Last week ended with the ‘good’ news from the US economy in the form of the July jobs bonanza, this week it will be the ‘bad’ – July’s Consumer Price Index.
Friday saw the news that the US generated 528,000 new jobs last month, almost double the 258,000 average from the market.
This despite several interest rate rises from the US Federal reserve which are supposed to slow demand and jobs growth. That has yet to happen.
As a result of the surge in jobs last month, US investors now think the next rate rise from the Fed will be 0.75% instead of 0.50% or 0.25% it was looking like earlier last week.
The jobs data has seen a major change, again in US thinking. Will this week’s CPI data change, or add to the new belief?
Whatever, the US the central bank won’t be in a position to raise rates until late September because that’s when the next Fed meeting will be held.
It will have not only the July jobs and inflation data, but also August’s so if there’s more strong reports, a bigger rate rise could be on the cards – 1% anyone?
The June CPI reading was 9.1% and US forecasts are for a fall to around 8.8% perhaps, depending on how the impact of a forecast near 11% drop in petrol prices in the US last month.
A fall to say 8.5% (annual) might take the pressure off the fed and market thinking could return to a rise of 0.50%.

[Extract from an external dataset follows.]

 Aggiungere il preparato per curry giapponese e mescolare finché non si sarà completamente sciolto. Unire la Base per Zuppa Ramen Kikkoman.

Moody’s economists wrote on Friday “The decline in retail gasoline prices will be disinflationary for the CPI. Changes in retail gasoline prices closely track changes in the CPI for gasoline.

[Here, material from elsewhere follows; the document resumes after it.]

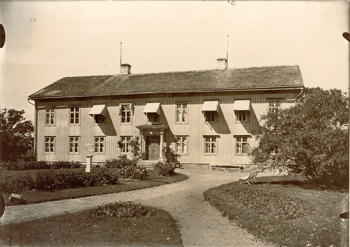 Huvudbyggningen vid Kläckeberga gård, uppförd vid början av 1800-talet. Grågul och sedermera vitmålad.

“Retail gasoline prices point toward a 10.8% decline in the CPI for gasoline, which would reduce growth in the headline CPI by 0.5 percentage point in July.
“Even with the decline, the CPI for gasoline is going to add a lot to year-over-year growth in the headline result. Also, while the headline CPI will post a small monthly gain in July, the core CPI, which excludes food and energy, will remain hot.”
And the AMP’s chief economist, Shane Oliver wrote at the weekend the “July CPI data which is expected to show a fall in headline inflation to 8.8%yoy (from 9.1%) helped by lower gasoline prices but a rise in core inflation to 6.1%yoy (from 5.9%). ”
There’s also the latest producer (PPI) and import price data as well – the PPI is over 11% at the moment.
The US earnings season continues this week as well (See separate story).
In Europe, the UK economy likely to have contracted in June by 1% month on month, resulting in a 0.1% quarter-over-quarter decline for the second quarter.
Euro zone industrial production will likely contract 0.8% month over month in June after a 0.8% rise in May. New car registrations continued to slump considerably in year-ago terms during the month, which also caused concern that output in the car sector did not pick up much.
All eyes will be on China’s consumer and producer price data for July.
Moody’s sees producer price growth around an annual 5.8%, continuing the deceleration trend as industry struggles with the aftermath of the Covid lockdowns.
Consumer prices are forecast to rise 2.9% y/y in July, up from 2.5% in June. Pork will be an important upward contributor on account of prices jumping again in July despite government intervention to try and cool price rises.